Appendices A and B contain the full set of experimental items for Experiments 1–2. DOI: https://doi.org/10.5334/gjgl.707.s1

## Notes

1The type of parallelism studied in this project involves similarities between remnants and correlates, and is not the type of parallelism that relates to the syntactic and/or semantic identity condition allowing ellipsis (e.g., Merchant 2001, 2008; Takahashi & Fox 2005; Griffiths & Liptak 2014). We do not intend to enter into the debate about the presence and size of structure within an ellipsis site. See section 1.2 for more general discussion of parallelism.

2While most varieties of English license focus-sensitive coordination in the presence of explicit or implicit negation, some dialects permit a positive variant, e.g., I can swim, let alone float. This variant tends to either reverse the scalar relationship (see Mark Liberman’s commentary on Language Log, November 21, 2007, accessible as http://itre.cis.upenn.edu/~myl/languagelog/archives/005142.html and comments in Toosarvandani 2010), or else abandon the scalar component altogether, similar to an afterthought along the lines of not to mention (Cappelle, Dugas & Tobin 2015). We concentrate exclusively on the majority dialect here, in which there is a strong scalar component to its interpretation.

3Although it is conceptually possible that the processor forgoes retrieving the correlate in step 2, and simply posits a parallel structure at the ellipsis site, we think this is unlikely given evidence for similarity-based interference, characteristic of retrieval systems, from non-correlate distractor nouns in sluicing (Harris 2015, 2019).

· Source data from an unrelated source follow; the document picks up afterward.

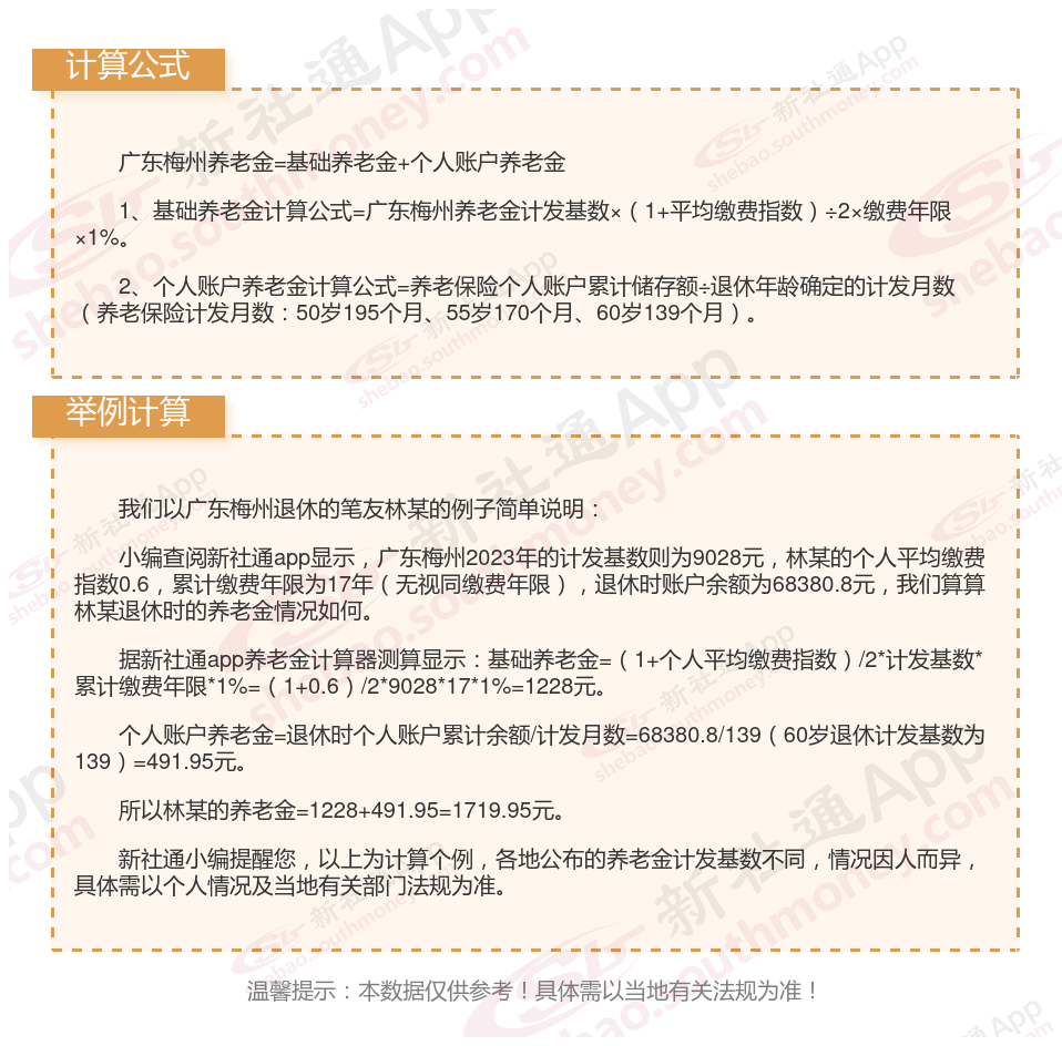 广东梅州退休工资养老金计算方法及公式2024年最新(举例说明)
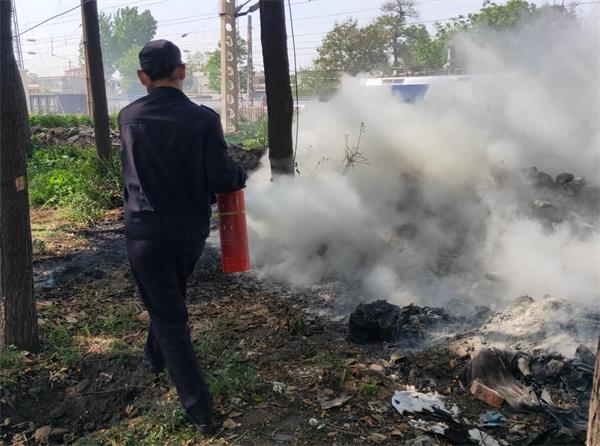 5月5日下午2點(diǎn)30分,人防四大隊(duì)電廠路街道巡防隊(duì)隊(duì)員高麗慧、袁利民在鐵路沿線巡邏,發(fā)現(xiàn)梁邵村附近的鐵路邊濃煙滾滾,有刺鼻的氣味,兩人立即開車前往現(xiàn)場了解情況。到達(dá)現(xiàn)場后,他們發(fā)現(xiàn)鐵路邊的荒草樹等雜物正在燃燒,現(xiàn)場火勢不太大,沒有人員受傷。他們隨即與鐵路工作人員聯(lián)系,并立即利用鐵鍬、滅火器等工具開展滅火行動(dòng),經(jīng)過他們和鐵路員工的共同努力,火勢已經(jīng)基本得到控制,火情基本被消滅,他們的行為受到了轄區(qū)領(lǐng)導(dǎo)的一致表揚(yáng)。
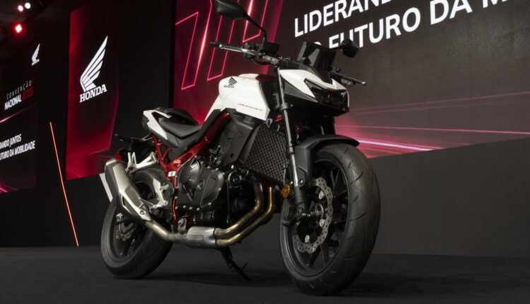 A poderosa streetfighter chega no primeiro trimestre de 2026 para complementar a família Hornet. O modelo será oferecido em duas configurações com destaque para a versão SP que traz itens exclusivos como design único, além de quickshifter, suspensão Ohlins e freios Brembo.
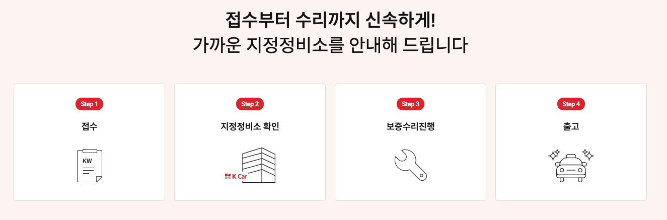 - 보증수리 접수 후 7일 이내 입고하셔야 하며, K Car 지정 정비업체에서만 수리 가능합니다.
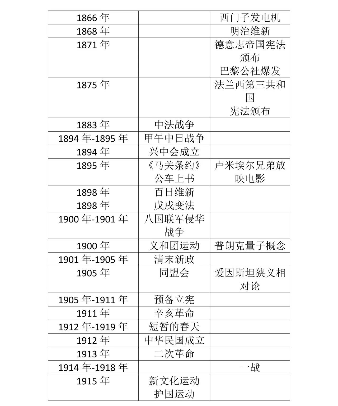 15.辛亥革命:1905 年,中国同盟会在日本东京成立,中国同盟会是第一个全国性的统一的资产阶级革命政党。以驱除鞑虏,恢复中华,创立民国,平均地权为政治纲领,并将其阐发为“民族、民权、民生”的三民主义。1911 年 10 月 10 日,辛亥革命武昌起义首役成功。1912 年元旦,孙中山在南京宣誓就任临时大总统,宣告中华民国成立。同年春,孙中山领导的临时政府颁布了《中华民国临时约法》,成为了中国历史上第一部资产阶级宪法,具有反对封建专制制度的进步意义。意义:是中国近代史上一次伟大的资产阶级革命,它推翻了清王朝,结束了中国两千多年的封建君主 专制制度,建立起资产阶级共和国,使民主共和观念深入人心,沉重打击了帝国主义侵略势力。局限性:辛亥革命没有完成反帝反封建的任务,证明资产阶级共和国方案在中国行不通。

4A reviewer suggests re-describing the entailment relation in terms of a set inclusion between properties denoted by the verb phrases. We continue to follow previous research (Fillmore et al 1988; Toosarvandani 2010) in describing the scale in terms of entailment between propositions for several reasons. First, propositions standardly denote sets of worlds, in which entailment between propositions p ⊨ q can be equivalently stated in terms of inclusion between the set of worlds that make p true and the set of worlds that make q true. Second, and more importantly, there are instances of focus-sensitive coordination in which subjects contrast (John didn’t laugh, let alone Mary), which could not be captured by set inclusion of the verb phrases. Still, the use of entailment is intended to be descriptive, and other, perhaps more general, semantic characterizations could be explored in the future.

5Half of the items contained an additional DP in the matrix clause, e.g., books in Melinda doesn’t read books (for pleasure/at work), which provided a suitable correlate for DP remnants. As shown in Table 1, participants sometimes provided DP completions, but these do not constitute DP sprouting when it contrasted with a DP correlate in the matrix clause.

6Three of the contexts differed from the others. For items 1–3, the Supporting contexts included both the correlate and remnant PPs instead of only the remnant PP. For item 3, the Neutral context also included the remnant PP. The rest of the contexts matched the description above.

7In determining whether SAP is independently motivated, a reviewer raised an interesting contrast between a structure with an ad hoc scale (i.a), in which studying chemistry is harder or less expected than studying carpentry, and a structure conveying entailment between clauses (i.b), as in not studying anything entails not studying chemistry. Parallelism, in our sense, is satisfied in both sentences. It is possible that with parallelism held constant, a preference for SAP would emerge. Our intuitions are that the ease of interpretation depends on whether the context licenses the antecedent clause in (i.b), which sounds, to our ears, odd without additional context, such as The students were exhausted during finals week.

 (i) a. Michael couldn’t study carpentry, much less chemistry. b. Michael couldn’t study anything, much less chemistry.

We found similar cases in COCA, with any+N as a correlate for more specific DP remnants, especially with adjectival contrasts (see discussion in Carlson & Harris 2018); the examples in (ii) illustrate.

 (ii) a. “I couldn’t picture my Grandma as someone responsible for the death of anything, much less her best friend at the age of 16.” b. “But the idea that Susan owed anything to anyone – much less her cousin’s new husband – was intolerable.”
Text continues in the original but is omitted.